So let's try to calculate this for a thick spherical shell centered at the origin, with inner radius $a$ and outer radius $b$. In this case, the boundary of my volume has two parts: an inner boundary at $r = a$, with normal vector $\hat{n} = - \hat{r}$, and an outer boundary at $r = b$, with normal vector $\hat{n} = \hat{r}$. The surface integral of $\vec{E}$ over the boundary is then $$ \oint_{\partial V} \vec{E} \cdot d\vec{A} = \oint_{r = a} \left( \frac{\hat{r}}{r^3} \right) \cdot (-\hat{r}\, dA) + \oint_{r = b} \left( \frac{\hat{r}}{r^3} \right) \cdot (\hat{r}\, dA) \\= -\oint_{r = a} \left( \frac{1}{a^3} \right) dA + \oint_{r = b} \frac{1}{b^3} dA \\ = - \frac{4 \pi a^2}{a^3} + \frac{4 \pi b^2}{b^3} \\ = 4 \pi \left( \frac{1}{b} - \frac{1}{a} \right) \neq 0. $$ So as we can see, it cannot be the case that the divergence of the vector field $\vec{E} = \hat{r}/r^3$ is zero, because this integral never vanishes.

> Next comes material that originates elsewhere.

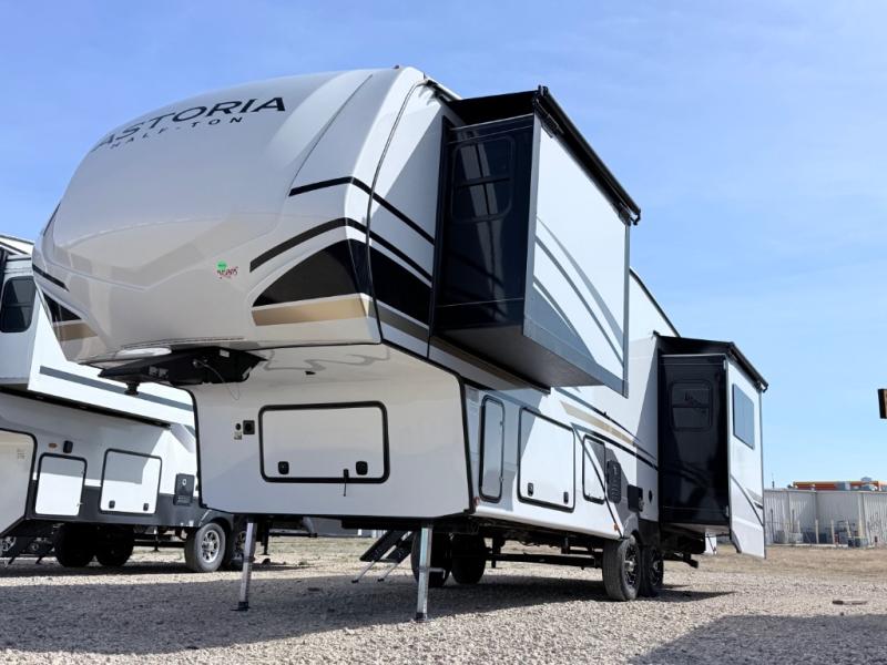 Each one of these Dutchmen RV Astoria Half-Ton fifth wheels feature a fiberglass exterior for added durability and an All Weather Thermal Package so you can camp all year long! There are also MorRyde Solid entry steps, slam latch baggage doors, and many more exterior conveniences. You'll enjoy a 200W solar panel for off-grid capabilities, slam latch baggage doors, and a power awning with LED lights for an inviting outdoor space. The interior is designed with bathroom backsplash, night shades throughout the living area, and Thomas Payne furniture collection. The on-demand tankless water heater will provide endless hot showers, and the dual ducted A/C will keep you cool all summer long.

It should also be a bit clearer from this argument why the case of of $\vec{E} = \hat{r}/r^2$ is special: in that case, the $r^2$ behavior of the surface area exactly cancels out the $1/r^2$ behavior of the vector field, and so we have $$ \oint_{\partial V} \vec{E} \cdot d\vec{A} = \oint_{r = a} \left( \frac{\hat{r}}{r^3} \right) \cdot (-\hat{r}\, dA) + \oint_{r = b} \left( \frac{\hat{r}}{r^3} \right) \cdot (\hat{r}\, dA) \\ = - \frac{4 \pi a^2}{a^2} + \frac{4 \pi b^2}{b^2} =0. $$ The above argument then makes it plausible, at least, that the divergence of this vector field is zero at points other than the origin.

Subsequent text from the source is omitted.